From what I see in you list the answer is you don't. I mean you lack any true anti tank weapons especially anything that can bust a land raider. I mean other then dropping behind the rhinos with your dread to guarantee at least one of his transports go down then killing every one inside with the other units that land that turn your options are limited, only other option I can think of for you is to run up try and melta his rand raider then try and kill Kharns unit before he counter assaults.


----------



## gen.cross (Mar 26, 2010)

Well im gonna drop the dread and pod.... Replacing it with a pack of long fangs with 3xML and 2x Lascannons, that would leave me with enough pts to get a razorback, which if i drop somethings i can get something on it besides HBs.


----------



## gen.cross (Mar 26, 2010)

actually if i make them all have ML and can give the Razorback TWLC.


----------



## gen.ahab (Dec 22, 2009)

That will help. Drop one man from each GH squad and throw in a PF wolfguard in power armor. You will actualy save points on them. IF you want to give them all combi-melta I would do it.


----------



## gen.cross (Mar 26, 2010)

Yea i was thinking of that thanks allot.


----------



## Ordo Xeno Commander (Jan 17, 2007)

If you drop the GH's you loose the second special weapon though, because you need the 10 men to have 2.


----------



## gen.cross (Mar 26, 2010)

I know... im not sure about dropping a GH for a WG... ether way, I should try it out see what happens


----------



## gen.ahab (Dec 22, 2009)

It is better than the std GH PF and you still get the melta shot.


----------



## gen.cross (Mar 26, 2010)

well I've fixed somethings is this enough Anti tank just in general?
HQ
Rune Priest, TDA, Murderous Hurricane and JOTWW-

Rune Priest, Murderous Hurricane and Fury of the Wolf Spirts, Bike

Elites
8 Wolf guard- 4 in TDA d PF, FB, FB, TH/SS
4 b PF and Combi-something (one in each of the GH Packs)


Troops
9 Grey Hunters b 2x flamers and DP

9 Grey Hunters b 2x flamers and DP

9 Grey Hunters b 2x flamers and DP

9 Grey Hunters b 2x flamers and DP

Fast Attack
4 Swift claw Bikers and Multi-Melta Attack bike, Melta gun

4 Swift claw Bikers and Multi-Melta Attack bike, Melta gun

4 Swift claw Bikers and Multi-Melta Attack bike, Melta gun

Heavy Support-
6 Long fangs b 3X ML and 2X Lascannon and Razorback b TWLC

Anything on the new improvements?


----------



## Cyklown (Feb 8, 2010)

Is it the rhinos that are wrecking you or the LR?
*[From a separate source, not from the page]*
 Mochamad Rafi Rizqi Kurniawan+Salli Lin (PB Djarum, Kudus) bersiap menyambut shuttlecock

If it's the latter then you need meltaweapons. MMs on speeders would take care of that. Lascannons _can_ do it but you really need that 2/3-ish pen rate and ap1 to do a number on it.
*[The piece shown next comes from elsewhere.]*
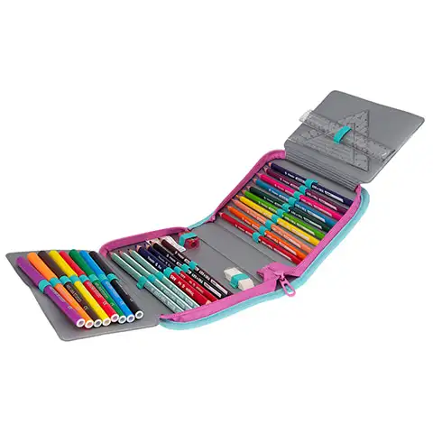 Roza in ostale cvetne, živahne barve ustvarijo punčkam čarobni svet, še posebej če je s temi barvami pobarvana ena peresnica. Pridobila boš pozornost vsake sošolke in zanimalo jih bo tudi to, kaj se nahaja v peresnici. Seveda poleg barvnih svinčnikov ne morejo manjkati tako koristne stvari, kot so grafitni svinčniki, radirka, ravnilo in šilček. Peresnica se zapira z zadrgo, tako se lahko nešteto pisalnih potrebščin, ustrezno izbranih za začetek leta varno prenaša v njej.

For the rhinos: antivehicle things. Autocannons are your friend. Do Wolves get Rifleman dreads? If so, 2 tl autocannons on a venerable dread would be amazing for this. Even with possesion you're looking at a 75.6% of imobilizing outright or destroying a dread each turn. That doesn't factor things like weapons destroyed into it. That's pretty boss. Heck, tank hunters would increase that waaaay up there (since it adds 4 more 1/6 chances to get a pen, and half of all pens are either immobilizeds or destroyeds), pushing it up to expect behavior a destroyed or immobilized Rhino a turn.


----------



## gen.cross (Mar 26, 2010)

Its mainly Kharn if I can get him to walk first turn even if i have to sacrifice a unit, his army won't have enough momentum and killing power to break my lines or scatter my force.


----------



## toalewa850 (Mar 21, 2010)

Get a Devastator Squad or a Tank. Then you will destrot him!:laugh:


----------



## gen.cross (Mar 26, 2010)

He is really good at taking out vehicles and well everything (kills a squad on the charge) if i can take out the Raider I will be safe for a at most two turns, giving me time to slag the other rhinos and Defiler. by then I should have allot a good amount of extra ground I can shoot them to death and assault them first. I know how too, its just how should I go about it.


----------